Work order:
The answer must be a word-for-word copy of the records below, with every picture left out.
Segment Open
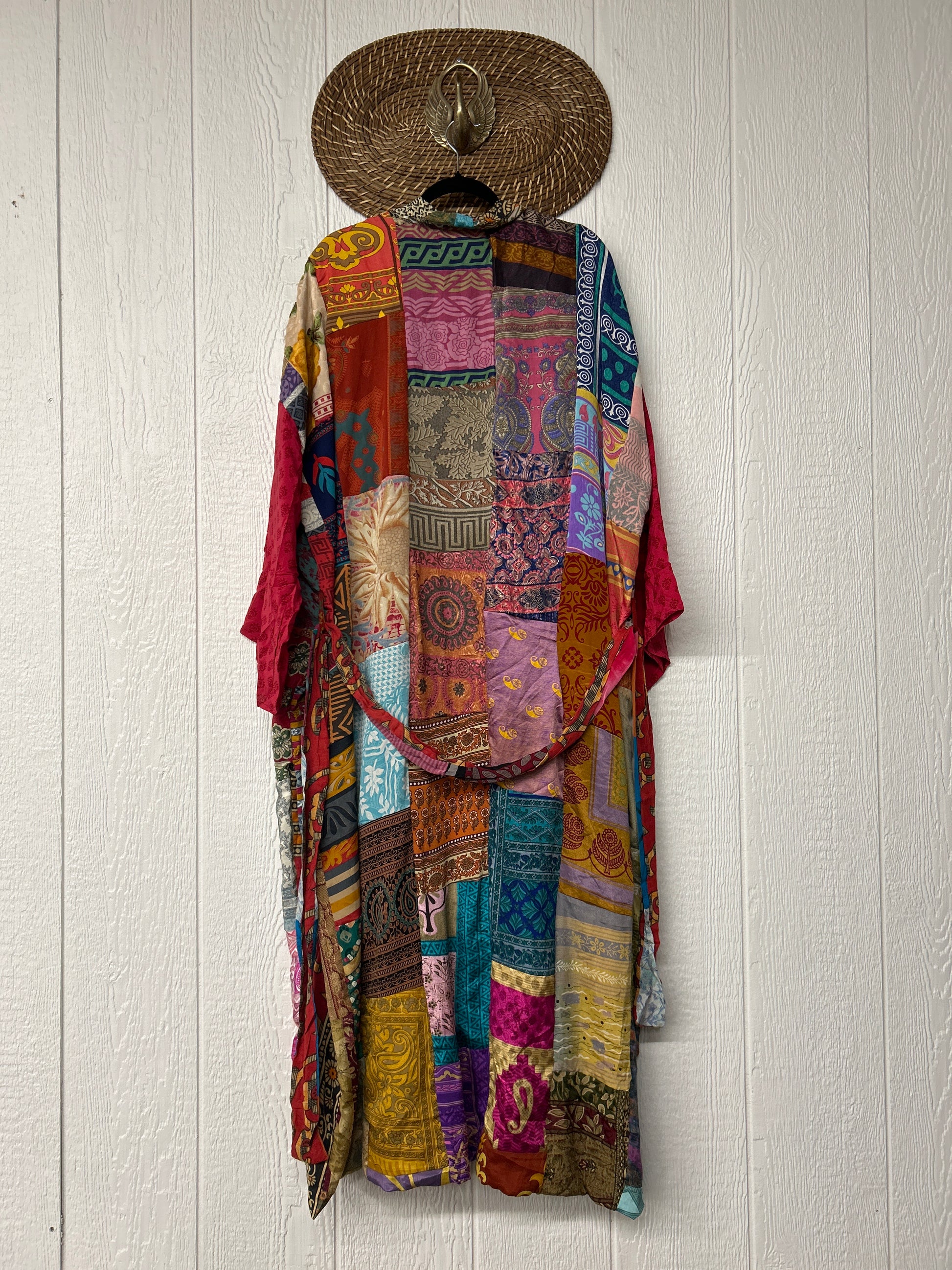 Patchwork outer garment is made from rasgulla and crepe sari and fully lined in printed cotton sari. Features slouchy outer pockets and a tie sash closure. Wide sleeves are crafted from unlined crepe silk for extra dimension.
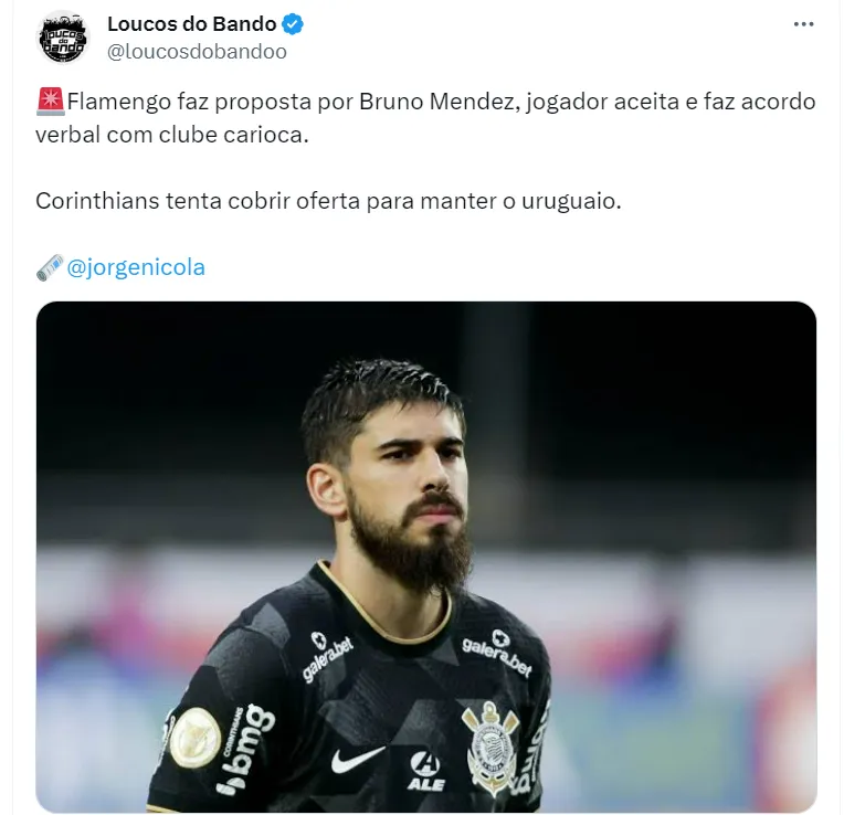 De acordo com a fonte, Bruno Mendez tem um acordo verbal para jogar no Mengão em 2024, a custo zero, uma vez que seu contrato com o Corinthians vai até dezembro. Ciente de que pode perder seu grande zagueiro, o Timão tenta renovar com o atleta, mas está ciente de que isso é uma tarefa difícil. Há outras fontes informando que o salário do zagueiro no Rio de Janeiro tende a ser de R$ 800 mil.
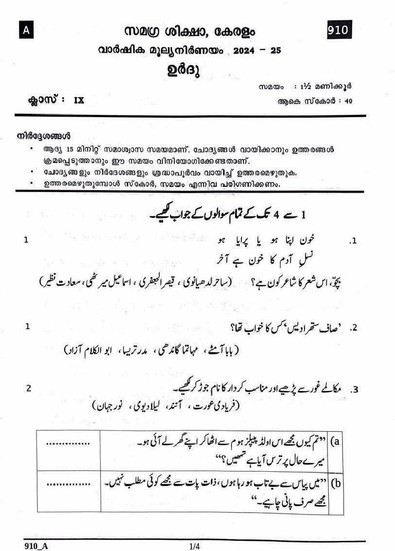 Kerala Class 9 Urdu Question Paper 2025
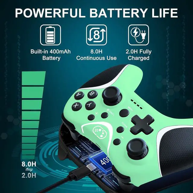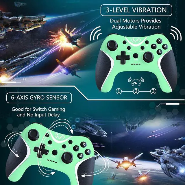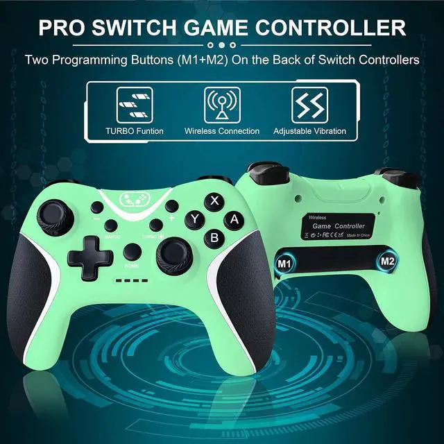 Wireless Switch Pro Controller,Nintendo Switch Controller with Programmable/Vibration/Turbo Compatibility with Nintendo Switch/Lite/OLED/Windows PC,Switch Remote Gamepad with 2 Thumb Caps - Green
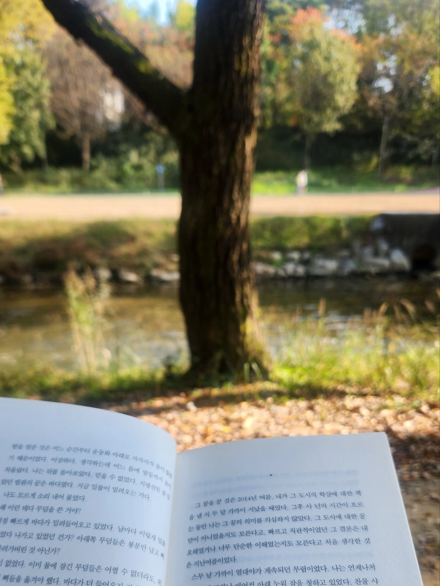 얼그레이티를 담은 텀블러와 책을 들고 다시 양재천으로 향한다. 양재천엔 앉아서 책을 읽을 공간이 많다. 햇살을 적당히 막아주는 곳에 자리하고 다시 소설에 집중한다. <작별하지 않는다> 처음부터 무겁고 어두운 분위기, 따스한 햇살이 내리쬐는 휴일 아침 분위기와는 사뭇 다르다.
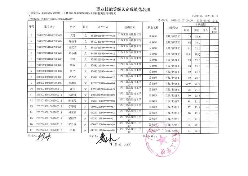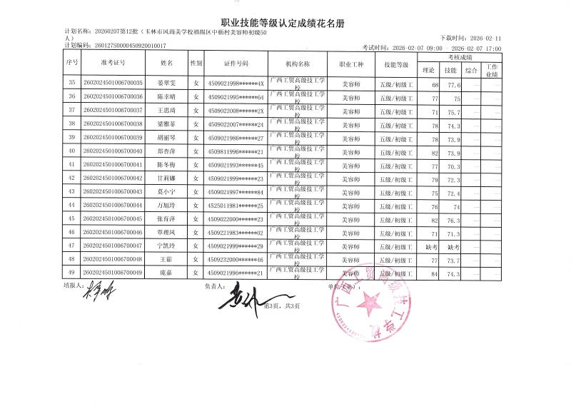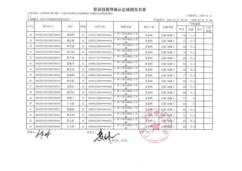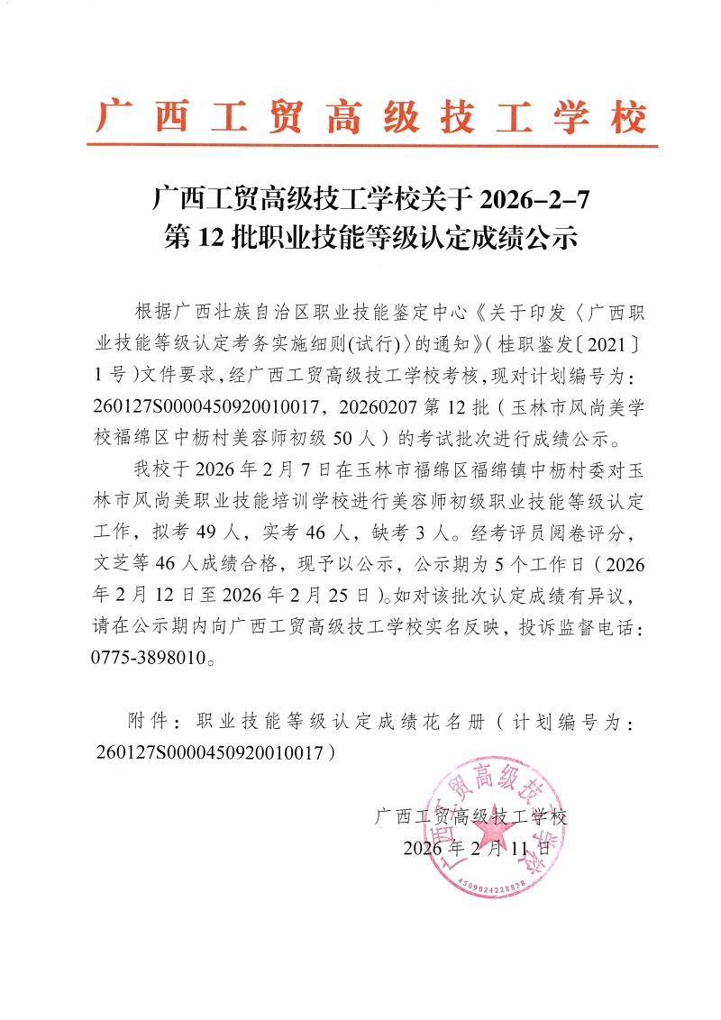 广西工贸高级技工学校关于2026-2-7第12批职业技能等级认定成绩公示
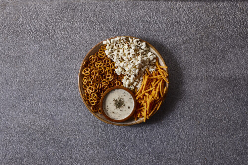 وجبات خفيفة متنوعة في أوعية فخارية على خلفية رمادية
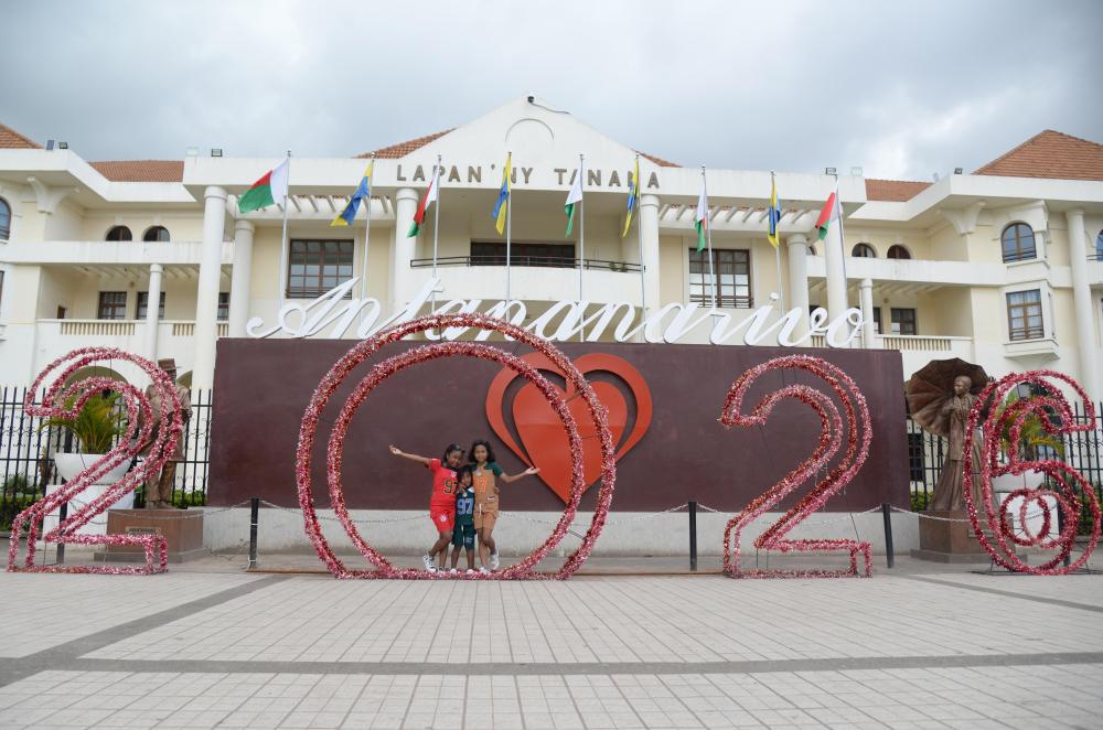 2025年12月31日,人们在马达加斯加首都塔那那利佛市政厅前合影,迎接2026年新年的到来。
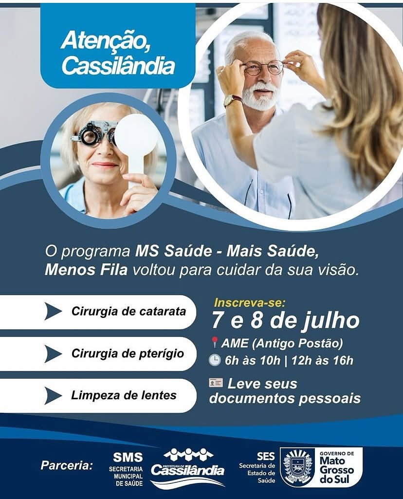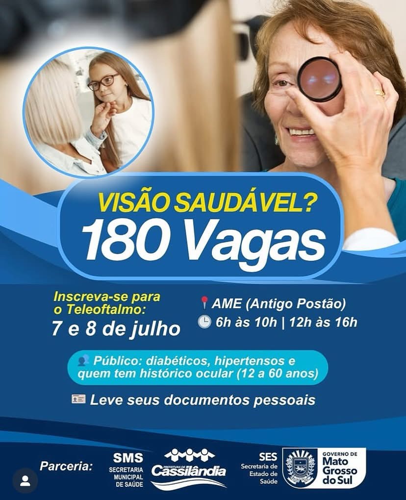 Nos dias 7 e 8 de julho, acontecerá no AME – Antigo Postão, a inscrição para o Teleoftalmo, um programa gratuito voltado à saúde da visão, especialmente para quem tem risco de desenvolver problemas visuais, incluindo cegueira.
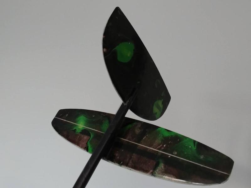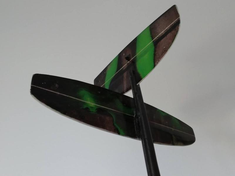 20. Odpowiem po kolei: @Marku (Kołpak) Tak Jak cZyNo napisał jest to kołpak Od Vladimira - do dostania u producenta: http://f3j.in.ua/hyper-spinner-30.html lub na stronie hyperflight.co.uk Uważam, że jest on stosunkowo tani w porównaniu do konkurencji, ale faktycznie można bez przeszkód do tańszego wyposażenia F5j dodać standardowy kołpak Ø30mm za ok. 30zł. Model nie zmierza do Maxa'y - projekt bazuje na profilu SynerJ opracowanym przez Geralda Tylora, nieco zmodyfikowanym po testach w programie XFLR. Powierzchnia stateczników i długość ramienia to też parę moich wyliczeń + otrzymana sugestia by powiększyć statecznik pionowy/ster kierunku. @Konradzie (Regulator, serwa, Carboline) Nie miałem dotąd problemu z regulatorami HK, mają też dość dobre opinie w internecie. Warto zauważyć, że silnik będzie pracował max 30sekund i pobór prądu wyniesie max ~25A, dla regulatora 40A przegrzanie nie powinno mieć miejsca. Chyba, że chodzi o jakość lutowania lub niską jakość stabilizatorów napięcia. Jaki inny tani, pewny regulator proponujesz zastosować? Tak samo proszę o propozycję serw. 50-100zł więcej na serwa to 300-600 więcej na model czyli do + 20% całości kosztów. Serwa z przedziału 70-120zł chyba nie będą wyraźnie lepsze od przedstawionych chińskich odpowiedników. Tak, też lubię mieć w modelu dobrze centrujące, mocne serwa np. MKS'y, ale nie w każdym projekcie precyzja i moc jest priorytetem. Stateczniki węglowe nie są aż tak kosmicznie drogie, ale to fakt, tkanina szklana na stateczniki kosztuje tylko 5zł, a stateczniki prezentują się też dobrze (zdjęcia poniżej). Jeszcze tylko słowo o idei przyświecającej LOFTY'iemu... Model ma w zamierzeniu ułatwić, umożliwić starty w F5j bez zostawiania pieniędzy za granicą lub po prostu nieco niższym kosztem. LOFTY może być traktowany jako model do startów, treningowy lub zapasowy. Chcę sprawdzić co w takim modelu da się zrobić tanio i przy tym wystarczająco mocno. Docelowy rezultat powinien pozwolić na przyzwoity występ w zawodach (o ile pilot będzie podejmował dobre decyzje, a warunki nie faworyzowały mocniejszych modeli czy to przy lądowaniu czy to ze względu na ograniczoną możliwość balastowania). P.S. Odnośnie zaawansowanej technologii - po zabawie z pierwszym skrzydłem w technologii VB, stwierdziłem, że powstaną foremniki skrzydła. Testy serw, napędu przeprowadzę na modelu z worka - będzie cała zima na ew. zmianę wyposażenia w docelowej wersji Masy stateczników szklanych: Pionowy 23g - to będzie ostateczny layup w wersji szklanej, Poziomy 33g
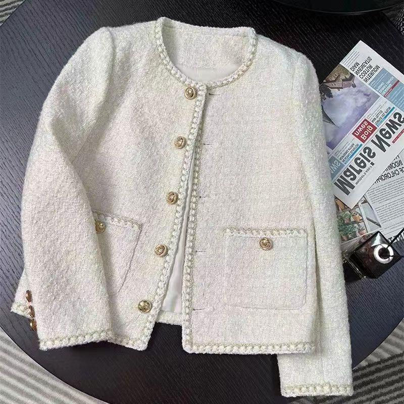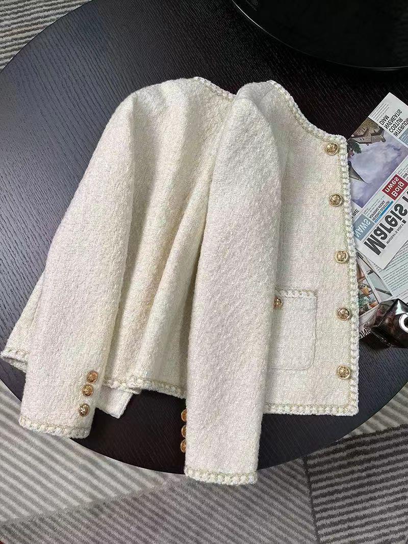 ジャケット 人気 冬アウター 春秋新作韓国 ベージュフレンチショートスタイル小さな香りエレガントレディースツイード女性 テーラードジャケット
Segment Closed
Response:
 Patchwork outer garment is made from rasgulla and crepe sari and fully lined in printed cotton sari. Features slouchy outer pockets and a tie sash closure. Wide sleeves are crafted from unlined crepe silk for extra dimension.
 De acordo com a fonte, Bruno Mendez tem um acordo verbal para jogar no Mengão em 2024, a custo zero, uma vez que seu contrato com o Corinthians vai até dezembro. Ciente de que pode perder seu grande zagueiro, o Timão tenta renovar com o atleta, mas está ciente de que isso é uma tarefa difícil. Há outras fontes informando que o salário do zagueiro no Rio de Janeiro tende a ser de R$ 800 mil.
 Kerala Class 9 Urdu Question Paper 2025
 Wireless Switch Pro Controller,Nintendo Switch Controller with Programmable/Vibration/Turbo Compatibility with Nintendo Switch/Lite/OLED/Windows PC,Switch Remote Gamepad with 2 Thumb Caps - Green
 얼그레이티를 담은 텀블러와 책을 들고 다시 양재천으로 향한다. 양재천엔 앉아서 책을 읽을 공간이 많다. 햇살을 적당히 막아주는 곳에 자리하고 다시 소설에 집중한다. <작별하지 않는다> 처음부터 무겁고 어두운 분위기, 따스한 햇살이 내리쬐는 휴일 아침 분위기와는 사뭇 다르다.
 广西工贸高级技工学校关于2026-2-7第12批职业技能等级认定成绩公示
 وجبات خفيفة متنوعة في أوعية فخارية على خلفية رمادية
 2025年12月31日,人们在马达加斯加首都塔那那利佛市政厅前合影,迎接2026年新年的到来。
 Nos dias 7 e 8 de julho, acontecerá no AME – Antigo Postão, a inscrição para o Teleoftalmo, um programa gratuito voltado à saúde da visão, especialmente para quem tem risco de desenvolver problemas visuais, incluindo cegueira.
 20. Odpowiem po kolei: @Marku (Kołpak) Tak Jak cZyNo napisał jest to kołpak Od Vladimira - do dostania u producenta: http://f3j.in.ua/hyper-spinner-30.html lub na stronie hyperflight.co.uk Uważam, że jest on stosunkowo tani w porównaniu do konkurencji, ale faktycznie można bez przeszkód do tańszego wyposażenia F5j dodać standardowy kołpak Ø30mm za ok. 30zł. Model nie zmierza do Maxa'y - projekt bazuje na profilu SynerJ opracowanym przez Geralda Tylora, nieco zmodyfikowanym po testach w programie XFLR. Powierzchnia stateczników i długość ramienia to też parę moich wyliczeń + otrzymana sugestia by powiększyć statecznik pionowy/ster kierunku. @Konradzie (Regulator, serwa, Carboline) Nie miałem dotąd problemu z regulatorami HK, mają też dość dobre opinie w internecie. Warto zauważyć, że silnik będzie pracował max 30sekund i pobór prądu wyniesie max ~25A, dla regulatora 40A przegrzanie nie powinno mieć miejsca. Chyba, że chodzi o jakość lutowania lub niską jakość stabilizatorów napięcia. Jaki inny tani, pewny regulator proponujesz zastosować? Tak samo proszę o propozycję serw. 50-100zł więcej na serwa to 300-600 więcej na model czyli do + 20% całości kosztów. Serwa z przedziału 70-120zł chyba nie będą wyraźnie lepsze od przedstawionych chińskich odpowiedników. Tak, też lubię mieć w modelu dobrze centrujące, mocne serwa np. MKS'y, ale nie w każdym projekcie precyzja i moc jest priorytetem. Stateczniki węglowe nie są aż tak kosmicznie drogie, ale to fakt, tkanina szklana na stateczniki kosztuje tylko 5zł, a stateczniki prezentują się też dobrze (zdjęcia poniżej). Jeszcze tylko słowo o idei przyświecającej LOFTY'iemu... Model ma w zamierzeniu ułatwić, umożliwić starty w F5j bez zostawiania pieniędzy za granicą lub po prostu nieco niższym kosztem. LOFTY może być traktowany jako model do startów, treningowy lub zapasowy. Chcę sprawdzić co w takim modelu da się zrobić tanio i przy tym wystarczająco mocno. Docelowy rezultat powinien pozwolić na przyzwoity występ w zawodach (o ile pilot będzie podejmował dobre decyzje, a warunki nie faworyzowały mocniejszych modeli czy to przy lądowaniu czy to ze względu na ograniczoną możliwość balastowania). P.S. Odnośnie zaawansowanej technologii - po zabawie z pierwszym skrzydłem w technologii VB, stwierdziłem, że powstaną foremniki skrzydła. Testy serw, napędu przeprowadzę na modelu z worka - będzie cała zima na ew. zmianę wyposażenia w docelowej wersji Masy stateczników szklanych: Pionowy 23g - to będzie ostateczny layup w wersji szklanej, Poziomy 33g
 ジャケット 人気 冬アウター 春秋新作韓国 ベージュフレンチショートスタイル小さな香りエレガントレディースツイード女性 テーラードジャケット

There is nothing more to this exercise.